Светлый фон

Она даже улыбнулась своей мысли: можно подумать, это надо доказывать самой себе! Независимо качнув головой, Анна оторвалась от стены и шагнула вперед. Мужчина был уже шагах в десяти, бочком пробираясь мимо тел. Никаких других прохожих рядом не было, — еще один признак схематичности картины. Решительно улыбаясь, она продолжала переставлять ноги, но с каждым шагом получалось это почему-то все медленнее. Мужчина впереди остановился, обернулся к ней. Его лицо потеряло уверенность: на нем появилось какое-то смешанное выражение, которое Анне неприятно напомнило что-то недавнее. Еще несколько медленных шагов поднесли ее чуть ближе, и она остановилась совсем. Где-то в стороне пронзительно кричал человек, причем, кажется, взрослый мужчина. Кровь под изрезанным «шотландцем» растеклась уже далеко в стороны, превратив кусок асфальта в идеально черное, бликующее жидким пятно. Лежал он лицом вниз, но на обращенных к ней боку и неестественно вывернутой руке были видны многочисленные пробои — будто в светлую куртку действительно били ножом. Часть ударов, впрочем, была режущей.

— Нет, — ненормальным голосом сказал стоящий в паре метров впереди мужчина и снова замолчал. Анна тоже не знала, что сказать. Почему-то пришел на ум студенческий курс судебной медицины, где учили описывать место преступления, интерпретировать наиболее характерные раны и тому подобному, что ей ни разу пока не пригодилось во всей взрослой жизни. Там тоже многое казалось схематичным — уж очень не верилось в том чудесном возрасте, что такое может случиться с кем-то на самом деле. С кем-то. Далеко. В другом времени, следы которого оставались на старомодных этикетках на банках с препаратами: забальзамированная кисть человеческой руки с ладонной поверхностью, покрытой глубокими поперечными порезами. Именно так бывает, когда человек пытается отбиться от ножа голыми руками. Именно так выглядела изрезанная рука на асфальте перед ней, — да, у «шотландца» выбили его собственный короткий нож, это она видела.

Мужчина вдруг коротко проскулил, почему-то шепотом. Анна подняла на него глаза и поразилась: такое у того было бледное лицо. Куда-то делись уверенность и даже решительность, непробиваемая печать которых въелись в него за годы. Теперь оно было почти детским, какие бывают у детей лет в семь, наконец-то узнавших, что бабушка не просто «уехала и не приедет». И глаза больные… Опять же это напомнило что-то недавнее, смутно и неприятно.
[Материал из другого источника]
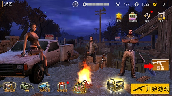 在本站下载并安装游戏后,完成基础教程就能进入下方的主界面,此时点击右侧的装备按钮,即可进入武器更换界面。
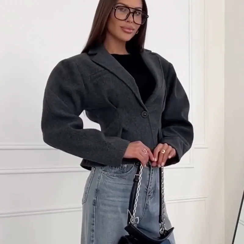 European American Women's Casual Clothing Autumn New Double Breasted Full Sleeve Suit Collar Woolen Coat Polyester

Вблизи почти реальными выглядели и остальные: трое кавказцев, «тетка», девушка. Ее рот был открыт, губы и язык запачканы кровью. Хорошее черное шерстяное платье скрывало цвета, но все равно можно понять — кровь из перерезанных сосудов пошла наружу волной. Анне мимоходом подумалось, что пять минут назад она даже не заметила, что на живой тогда девушке нет ни куртки, ни плаща хотя бы — при этой-то погоде. Откуда ее взяли? Потом она перевела взгляд на убитого еще «шотландцем» высокого брюнета с застывшим на лице выражением недоумения и неожиданно заметила на земле пистолет. Оказывается, она едва не наступила на него ногой. Этот простой факт принес Анне огромное облегчение: если бы все было хоть в какой-то мере настоящим, как ей вдруг начало казаться, пистолет бы не лежал здесь, его забрал бы милиционер. Ну конечно! При всей многослойности привидевшейся ей картины милиционер полностью «сводил ее на нет». Даже если предположить, что она стала свидетелем какой-то обрывочной истории с маньяками или пусть террористами, милиционер никогда не стал бы вести себя так, как она это «увидела». Не стал бы стрелять в людей, особенно в южан, абсолютно никогда. Все знают, что за это будет любому милиционеру, пусть на его глазах хоть десять русских зарежут. Не стал бы, тем более, стрелять в убегающих. Добивать раненых — если это действительно имело место и ей не показалось. Не стал бы уходить с того места, где все это произошло: дождался бы, конечно, пока приедут машины с другими милиционерами, оцепят все вокруг, допросят свидетелей, допросят и арестуют его самого. Не бросил бы пистолет.